На природе, бесспорно, любая еда кажется вкуснее, однако в нашем случае это была не единственная причина: выяснилось, что Дилан целый год работал личным шеф-поваром где-то в Средиземноморье и потому мясо жарил с полным сознанием дела. Даже Фезер, которая – вот так неожиданность – оказалась веганом, не осталась голодной: для нее нашлись многочисленные контейнеры с салатами, один взгляд на которые говорил, что приготовлены они явно не любителем. И даже когда все прочие, сыто потягиваясь, расползлись кто куда, Фезер, у которой нос и лоб ярко пылали от долгого пребывания на солнце, по-прежнему сидела за столом и что-то жевала.

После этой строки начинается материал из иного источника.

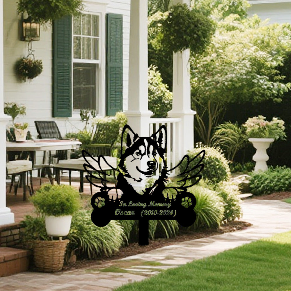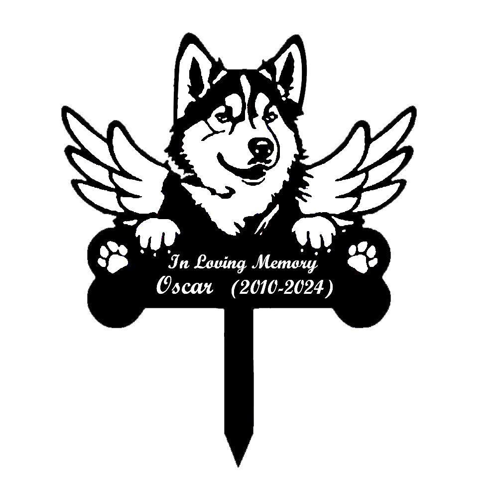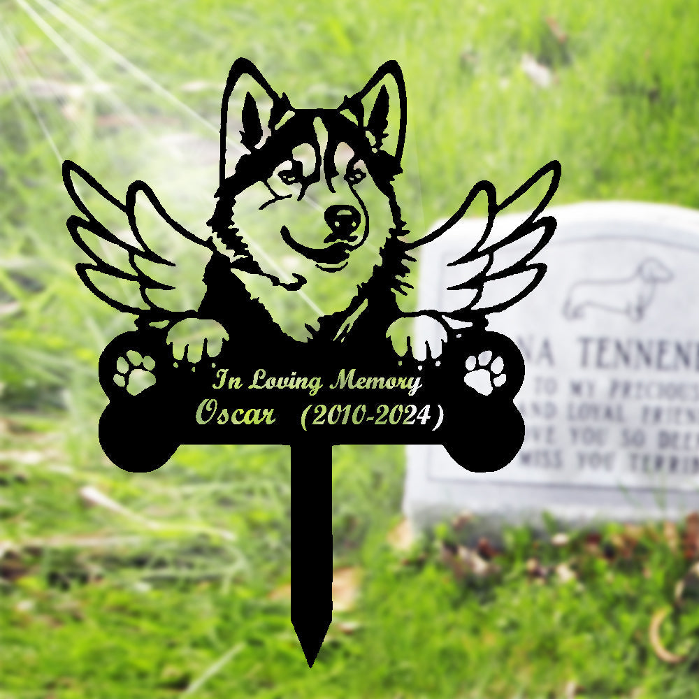 Alaskan Malamute Individueller Gedenkpfahl mit Flügeln

Дальше – лучше. Еще до начала экспедиции Кен заявил, что «насухую» работать не собирается, поэтому в путешествие с нами отправился холодильник с несколькими бутылками водки, одну из которых мы с ним вдвоем сейчас и распивали.

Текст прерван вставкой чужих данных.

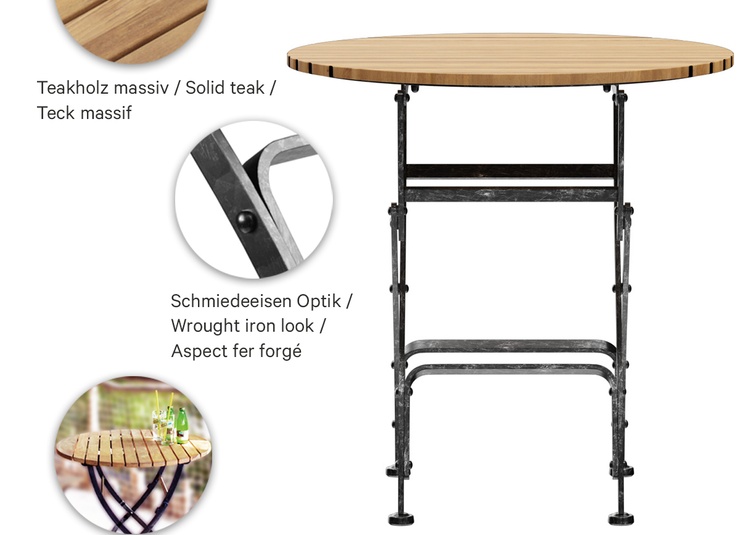 • Bois de teck élégant et structure en acier robuste avec effet fer forgé

– Жить можно, – согласился я.
– Что там за история с окраской?
Вид у нас перед глазами менялся каждую минуту: солнце, садившееся все ниже, подсвечивало то красные полосы, то оранжевые, то коричневые, заставляя их отчетливо проступать не только на стенах скал, но и на валунах, лежащих на берегу.
– Это минеральные отложения.
– Сам знаю, балбес. Я про другое: нам ведь нужен кусок скалы какой-то особенной окраски?
– Значительная часть этой стены так называемого Мраморного каньона состоит из кристаллического сланца Вишну. Этому минералу два миллиарда лет, залежи образуются в недрах земли, на глубине десяти миль. Под давлением он спрессовывается, становится относительно твердым и приобретает темно-коричневый цвет. Но согласно Кинкейду, вблизи пещеры порода залегает не горизонтальными слоями, а «пятнами». Что сужает поле поиска до сектора протяженностью в пять миль.
– Пять миль сплошной каменной стены – за пару часов тут точно не управишься.
– Согласно моим расчетам, нам нужен участок всего-то в четверть мили. Его координаты Молли и сообщила Дилану, и, по его мнению, мы будем там завтра утром.
Кен подмигнул:
– Выходит, завтра у нас великий день. К вечеру, глядишь, изучим всю пещеру вдоль и поперек.
– Ха-ха.
Спустя некоторое время я, ни разу не запнувшись, выдал очередную порцию слов на камеру, а после устроился на большом валуне, чтобы в одиночестве выпить кофе и покурить. Вскоре я услышал, как в мою сторону кто-то идет.
– Не бойся. – Это была Джемма. – Я не стану набрасываться на тебя с неудобными вопросами. Просто отсюда открывается отличный вид.
Я подвинулся, и она примостилась рядом, в паре футов от меня. С минуту мы сидели молча, вглядываясь в сгустившиеся сумерки и слушая шум воды.
– Но все же один вопрос у меня есть, – сказала Джемма.
– Какова вероятность того, что мы снова подеремся?
– Практически нулевая. Чем тебя привлекают все эти загадки истории? Только избавь меня от своего коронного «главное – процесс поиска, а не результат». Давай начистоту: большинство тайн, за которые ты берешься, никогда не будут раскрыты. Разве тебе не обидно?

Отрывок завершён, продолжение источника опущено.